救命代码_救命！如何选择功能？

最新推荐文章于 2024-09-22 17:12:26 发布

weixin_26752765

最新推荐文章于 2024-09-22 17:12:26 发布

阅读量220

点赞数

文章标签： python java vue 算法 linux ViewUI

原文链接：https://towardsdatascience.com/help-how-do-i-feature-select-eaf37e58fdaf

版权

救命代码

Often times, we’re not sure how to choose our features. This is just a small guide to help choose. (Disclaimer: For now I’ll talk about binary classification.)

通常，我们不确定如何选择功能。 这只是帮助选择的小指南。 (免责声明：目前，我将讨论二进制分类。)

Many times, when we are super-excited to predict using a fancy machine-learning algorithm, and we’re almost ready to apply our models to analyze and make classifications on the test data-set–– we don’t exactly know what features to pick. Often times, the # of features can range from tens to thousands, and it’s not exactly clear how to pick relevant features, and how many features we should select. Sometimes it’s a not a bad idea to combine features together, also known as feature engineering. A common example of this, you’ve probably heard in machine-learning –– is principal components analysis (PCA), where the data matrix X is factorized into its singular-value-decomposition (SVD) U*∑*V, where ∑ is a diagonal matrix with singular values, and the # of singular values you choose determines how many principal components. You can think of principal-components as a way to reduce the dimensions of your data-set. The awesome thing about PCA is that the new engineered features, or “principal-components”, are linear combinations of the original features. And that’s great! We love linear combinations, because it only involves addition and scalar-multiplication, and they’re not too hard to interpret. For example, if you did PCA on a dataset about house-price regression, and say you only selected 2 principal components. Then the first component, PC1, could be: c1*(# of bedrooms)+c2*(# sq.ft.). And PC2 could be something similar.
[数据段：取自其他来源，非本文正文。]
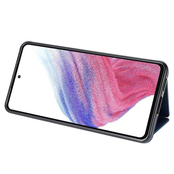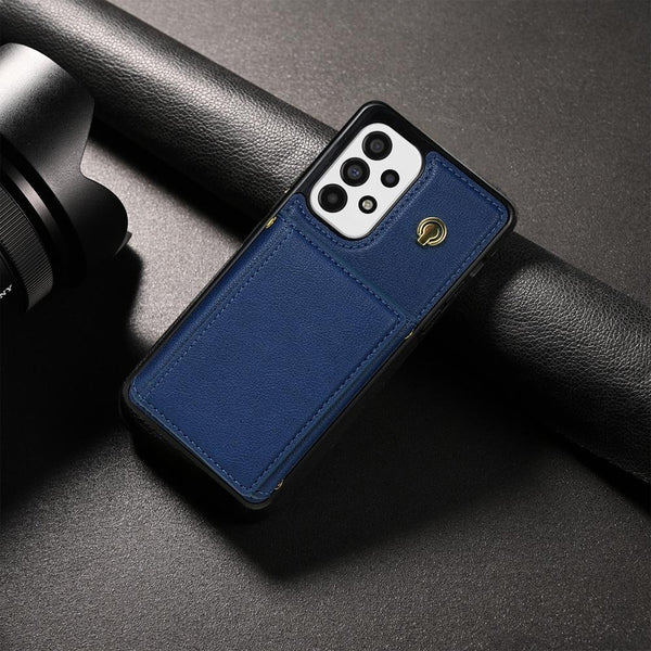 For Samsung Galaxy A52 4G / 5G / A52s 5G Three Fold Card Bag Phone Case with Long Lanyard(Blue)

很多时候，当我们非常兴奋地使用花哨的机器学习算法进行预测时，几乎准备好将我们的模型应用于测试数据集的分析和分类了，我们不知道到底有什么功能选择。通常，功能的数量可能从数十到数千不等，并且不清楚如何选择相关功能以及应该选择多少功能。有时将特征组合在一起并不是一个坏主意，也称为特征工程。您可能在机器学习中听说过一个常见的例子，即主成分分析(PCA) ，其中数据矩阵X被分解为其奇异值分解(SVD) U * ∑ * V ，其中∑是具有奇异值的对角矩阵，您选择的奇异值＃决定了多少个主成分。您可以将主成分视为减小数据集尺寸的一种方法。 PCA令人敬畏的是，新设计的功能或“主要组件”是原始功能的线性组合。太好了！我们喜欢线性组合，因为它只涉及加法和标量乘法，并且它们也不难解释。例如，如果您对有关房价回归的数据集进行了PCA，并说您只选择了2个主要成分。那么第一个组件PC1可以是： c1 * (卧室数量)+ c2 * (平方英尺)。与PC2可能类似。

The limitation with principal components is, that the new features you make are *only* linear-combinations of some of the old ones. That means you can’t take advantage of making non-linear combinations of features. This is something neural networks are awesome at; they can create TONS of non-linear combinations/functions of features. But they have an even bigger problem: interpretability of the new features. The engineered features are basically hidden inside the weight-matrix multiplications between different layers of the network (which is just a composition of non-linear functions). And neural networks, with that extra non-linearity, can often be brittle and break under adversarial attacks, such as few-pixel attacks on convolutional neural networks, or tricking a neural network into mis-classifying a panda and a black square as a vulture –– weird, nonsense stuff like that.

主要成分的局限性在于，新您制作的功能仅是某些旧功能的线性组合。这意味着您无法利用特征的非线性组合。这是神经网络的精妙之处。他们可以创建非线性的特征组合/功能的TONS。但是它们还有一个更大的问题：新功能的可解释性 。工程特征基本上隐藏在网络不同层之间的权重矩阵乘法中(这只是非线性函数的组合)。而且具有额外非线性的神经网络在对抗性攻击下通常会很脆弱，甚至会受到破坏，例如对卷积神经网络的小像素攻击，或者欺骗神经网络将熊猫和黑方块误分类为秃ul。 -像这样的古怪，胡说八道的东西。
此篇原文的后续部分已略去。